Fans standing on the Rod Laver Arena steps holding up a flag with Vladimir Putin’s face and chanting in support of Russia. Credit: Twitter – @tumcarayol

“Four people in the crowd leaving the stadium revealed inappropriate flags and symbols and (allegedly) threatened security guards,” a Tennis Australia spokesperson said.

“Victoria Police intervened and are continuing to question them.

“The comfort and safety of everyone is our priority and we work closely with security and authorities.”

Victoria Police confirmed four men were evicted from Melbourne Park.

“Police spoke to four men after a Russian flag was produced on the steps at the tennis about 10.20pm on Wednesday 25 January,” a Victoria Police statement said.
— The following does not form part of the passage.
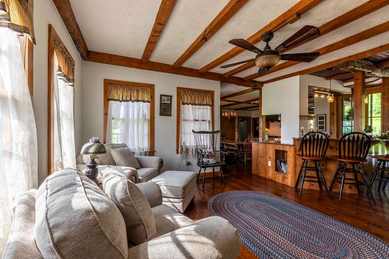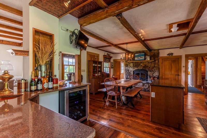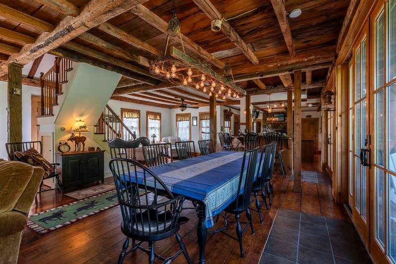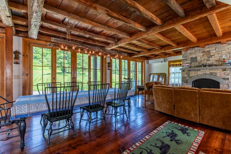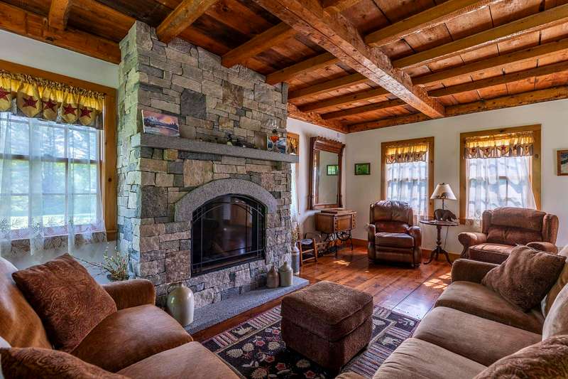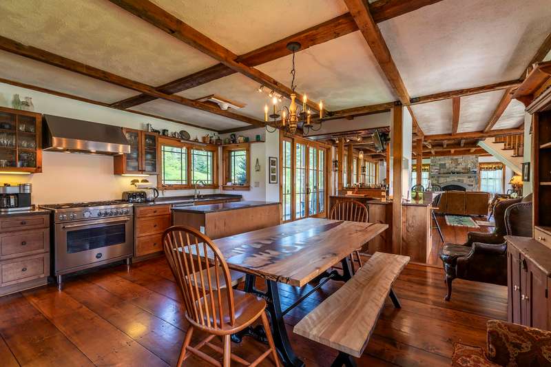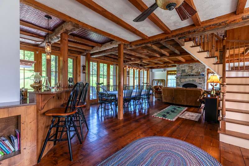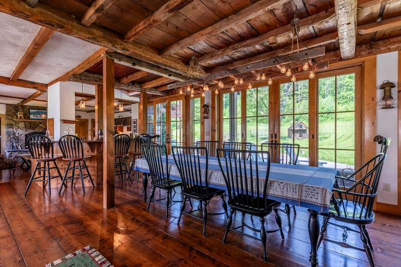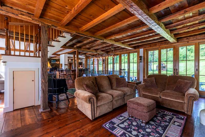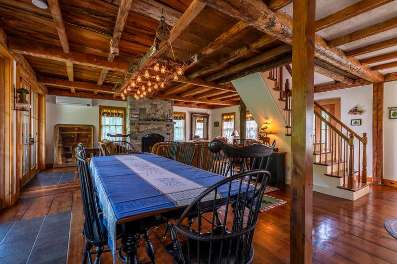Experience timeless elegance and modern luxury in this exquisitely renovated 1834 farmhouse, gracefully sited on one of Cavendish s most sought-after country roads. Thoughtfully updated while preserving its historic charm, this extraordinary residence features a state-of-the-art chef s kitchen, whole house a/c and an expansive open-concept main level adorned with original hand-hewn beams and architectural character throughout. French doors lead to an oversized deck, ideal for alfresco entertaining, with sweeping views of the serene swimming pond and pastoral fields. Choose between the warmth of a classic stone hearth wood-burning fireplace or the ease of a sophisticated new propane fireplace for the perfect apr s-ski ambiance. The home offers a luxurious primary suite and three additional en-suite guest rooms, ensuring comfort and privacy for all. A spacious media and bunkroom above the attached three-bay garage, along with a fully finished lower-level game room, provide exceptional sp
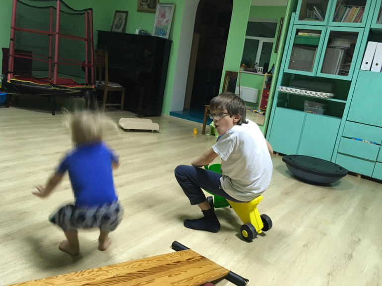 Освоен трехколёсный велосипед, самокат с переносом веса на поворотах, лестницы с самыми крутыми ступенями, прыжки с разных высот.

“All four men were evicted.”

TA had initially permitted spectators to bring Russian and Belarusian banners to Melbourne Park, as long as they did not cause disruption.

But the policy was reversed last Tuesday morning after a Russian flag was prominently displayed courtside during a match involving Ukrainian player Kateryna Baindl.

A fan at the Australian Open wearing an ultra-nationalist Russian war symbol on their T-shirt. Credit: AAP

That rule has been flouted on multiple occasions but Wednesday night’s incident was clearly the most blatant.

Russian and Belarusian players, such as Russians Rublev and Karen Khachanov and star Belarusians Aryna Sabalenka and Victoria Azarenka, are allowed to compete in Melbourne, but must do so under a neutral banner.

They were banned by the All England club from participating at Wimbledon last year in reaction to Russia’s ongoing invasion of Ukraine.

Russia is Belarus’s largest and most important economic and political partner.